Browsing the blog archives for February, 2010.

Radio Times and their piece on Childhood Obesity…

Critical Thinking, Definitions, Empathy, Food Safety, Government, Social Issues, Uncategorized

I listened with interest to Radio Times, a radio show on public radio today (2/16/2010). I found myself trying to think critically on the issue–childhood obesiety. I feel like there are a few items that could have been dealt with better or that were omitted from the discussion even if the issue was ‘brought up’ in the episode.

I felt as if those interviewed were looking to provide an answer as to why “we” are overweight and how “we” can solve that problem.
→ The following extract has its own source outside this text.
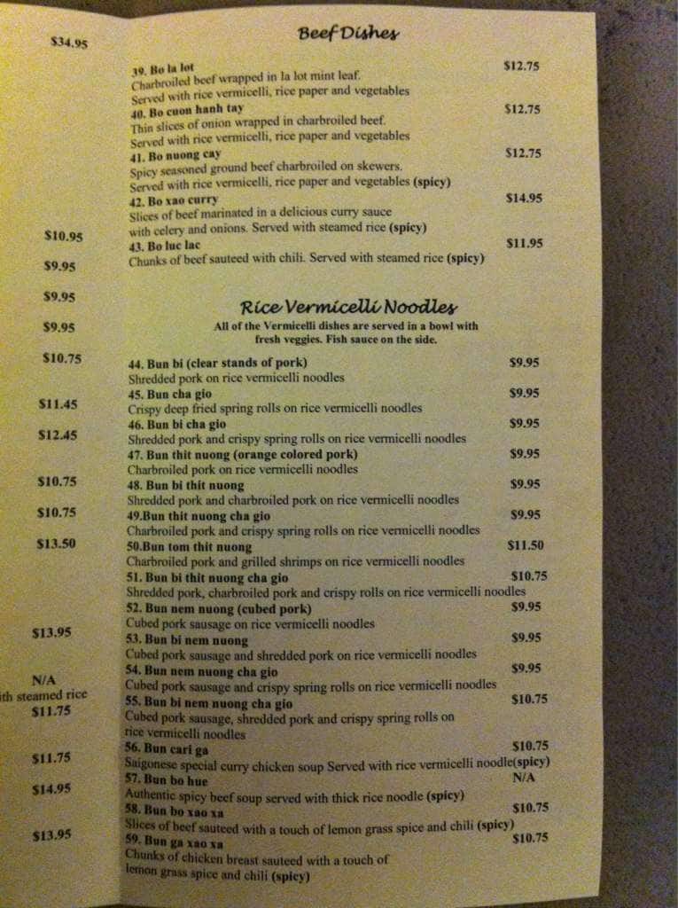 I ordered sate beef soup and pork vermicelli for delivery today and got a regular soup instead with no sprouts or hot sauce that I asked for when I placed order. Regardless, the broth was ok but the noodle portion was way too small. I had 3/4 of soup left ... when I poured it inside the noodle bowl because the noodle bowl is as tall as 5inches and not the wide bowl either (small container, a cup bowl) For pork vermicelli, it was very boring they put little bit of lettus and cucumber with what appeared to be chopped off "spam" ham. When I called back to let them know I had ordered sate and they forgot the sprouts and the hot sauce they said, "we don't have sprouts, and yes I forgot the hot sauce. What do YOU want me to do about it?" Dont waste your money here, I'm never ordering anything here again :) Read more

Topics ranged from gender, ethnic group, etc… Why not simply say they ingested more calories than they expended?

Those on the show stated that “times have changed” and that television, the Internet, … all mean we have less time to do what our grandparents did. While I disagree on that–my grandparents didn’t have chicken at the store, they had to raise it, kill it, cook it… I recall them saying they had less free time because they had none of the conveniences that we have today…

Times sure have changed. However, my grandparents use to say that you had to work and care about yourself and those you love–don’t expect the government or your employer to look after your best interests (they went through the Great Depression).

Today, “we” expect too much… We expect music to be ‘free’ on the internet, we expect to have a car, a house, medical insurance, etc… Why?

Medical insurance was started during WWII when there were wage freezes. Employers created a way to “pay” people more that did not violate the rules and offered health insurance as part of their employment. There was no desire to give health insurance…. Rather, companies wanted to attract better employees–paying more or providing health insurance were the same thing. Providing medical insurance had nothing to do with “people deserve medical care.” Yet, society at large now sees medical insurance as a necessity for everyone.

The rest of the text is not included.